Leonie handed the cigarette back to Aliza and asked, “Did you bring the newspaper?” The nurse nodded and unfolded the broadsheet she had in her pocket. She had to smuggle the papers into camp; the British preferred to keep the immigrants ignorant of the conflicts swirling around them, though of course, the news seeped in daily in spite of regulations.
Aliza ran her eyes up and down the front page, searching for a story to read aloud. She stuck to pieces about milk production, or reviews of plays and concerts, or heartwarming accounts of holiday festivities; nothing she thought might cause Leonie to frown or, God forbid, weep.

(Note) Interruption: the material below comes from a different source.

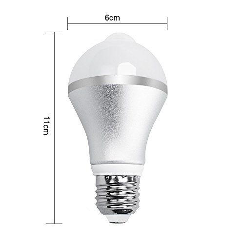 - PIR Motion Sensor Included: High quality PIR infrared sensor is installed at the tip of the bulb, so the bulb will light up automatically while it detects motion within 5m(16ft) in the dark, and automatically off after the motion ceased or disappeared about 60 seconds.

Leonie no longer had to ask Aliza to slow down as she read. As long as people didn’t mumble or speak too fast, she understood what they said. The written word was another story; on the page, she could barely puzzle out “pioneer,” which had been one of the first Hebrew words she learned in the DP camp. Two eager young men from Palestine had pursued her and spoken with breathless passion about how she could take part in building a homeland. She was enchanted by the promise of a fresh start and by the idea that she was needed.
But from the moment Leonie had gotten on the boat, she knew that she had added a new fraud to her portfolio. She was surrounded by people who knew the lyrics to countless Zionist songs and seemed to have the map of Palestine committed to memory. After two months, Leonie was still confused about the geography of the country. Was Jerusalem on the other side of the mountains in the east? Was it cold in the north of the country? Could it possibly be any hotter in the south? She was too ashamed to ask anyone.
Her clearest ideas about the landscape and life of Palestine came from Aliza’s descriptions of Haifa. Leonie glanced over at her unlikely friend, who was reading an article about a proposal for growing pineapples in the Jezreel Valley.
Aliza was older than Leonie by nearly thirty years. She wore thick-soled black shoes and olive green socks with her white uniform. A disaster of freckles covered her broad cheeks and wide nose, which had no acquaintance with powder. She was a bighearted woman who loved to talk about herself.
Leonie could picture the steep streets that wound up the hill to where Aliza lived with her husband, Sig, a bus driver, in an apartment with views of the sparkling sea. Leonie knew the names of the Arab markets that had the best cheese, and which bakeries sold the best bread, because the high point of Aliza’s week was the elaborate Saturday luncheon she made for an ever-changing cast of cousins and nephews, uncles, aunts, and nieces, served at a wrought iron table on a tiny balcony, filled with flowers.
“Who came to lunch last week?” Leonie asked. “Did Uncle Ofer pick another fight with your brother-in-law?”